Scikit-learn includes a simple way to do this by using the StandardScaler
that
- subtracts the mean $\mu$ and
- divides by the standard deviation $\sigma$ in a columnwise manner:
from sklearn.preprocessing import StandardScaler
import pandas as pd
scaler = StandardScaler()
resx_scaled = pd.DataFrame(
scaler.fit_transform(resx), columns=resx.columns
)
The mean is saved as scaler.mean_
and the variance as scaler.var_
.
More datapoints can be scaled using scaler.transform
and the inverse can be called using scaler.inverse_transform
.
Train–validation–test splitting
For training any machine-learning model, performing train–validation–test splitting is neccessary. Using off-the-shelf splitting methods such as those included in scikit-learn is not possible for time series data. For simplicity, we simply do a 70%-20%-10% split:
n = len(resx_scaled)
train_df = resx_scaled.iloc[:int(0.7*n)]
val_df = resx_scaled.iloc[int(0.7*n):int(0.9*n)]

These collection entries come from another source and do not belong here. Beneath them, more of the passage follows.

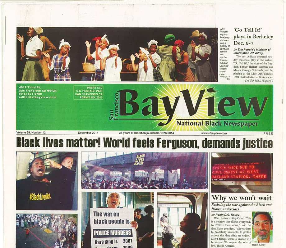 “Black lives matter! World feels Ferguson, demands justice” is the banner headline in December 2014 over dramatic photos of the first Black Lives Matter show of force in the Bay Area, where you might say Black Lives Matter was born; Alicia Garza, a forever friend of the Bay View, who has written stories and been pictured countless times organizing for POWER, the group she grew up in and later headed, is one of the three founders of Black Lives Matter and the one who coined their name.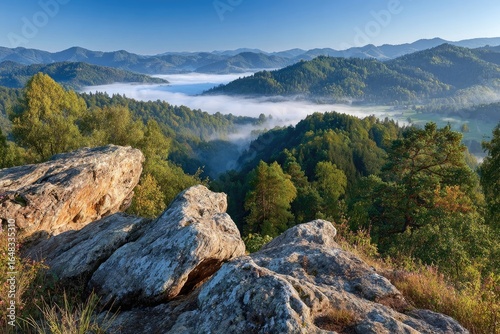 mountain, mist, vale, fog, landscape, sunrise, rock, forest, green, nature, panorama, viewpoint, hill, hill, scenic, elevation, autumn, cloud, light, sunlight, stone, travel, exploration, hiking, peak, top, outcrop, rugged, dense, tree, pine, misty, expansive, serene, tranquil, huge, beautiful, clear, blue, sky, horizon, majestic, wild, untouched, wood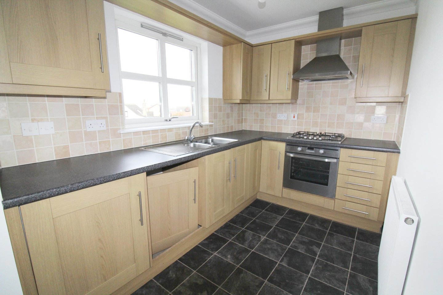 The open-plan living room is a spacious area with rear-facing windows and fitted carpet, while the kitchen area features complementary vinyl flooring. The kitchen is fitted with a selection of base and wall-mounted units with contrasting worktop and tiled splashback. An inset 1 ½ stainless steel sink with drainer and mixer tap sits below the rear-facing window. Integrated appliances included a fridge, electric oven, gas hob, and extractor hood. There is space for a washing machine.

test_df = resx_scaled.iloc[int(0.9*n):]
Note that in the case of time series, this already introduces a bias towards worse validation and test scores because recent trends are not captures. After validating a model structure using this split, it is highly advisable to retrain it using the most up-to-date data available.
Data handling
Scraping large volumes of datasets is not looked favorably upon by free sites such as Yahoo! Finance. Thus, I would recommend saving the data after scraping and re-reading it from disk rather than scraping again.
Data saving
Saving the data to disk is rather straightforward. I recommend the HDF format because it allows to efficiently store multiple sets of structured data in a single file.
output_filename = 'data.hdf'
resx.to_hdf(output_filename, key='unscaled')
resx_scaled.to_hdf(output_filename, key='scaled')
train_df.to_hdf(output_filename, key='training')
val_df.to_hdf(output_filename, key='validation')
test_df.to_hdf(output_filename, key='test')
Data loading
output_filename = 'data.hdf'
resx = pd.read_hdf(output_filename, key='unscaled')
resx_scaled = pd.read_hdf(output_filename, key='scaled')
train_df = pd.read_hdf(output_filename, key='training')
val_df = pd.read_hdf(output_filename, key='validation')
test_df = pd.read_hdf(output_filename, key='test')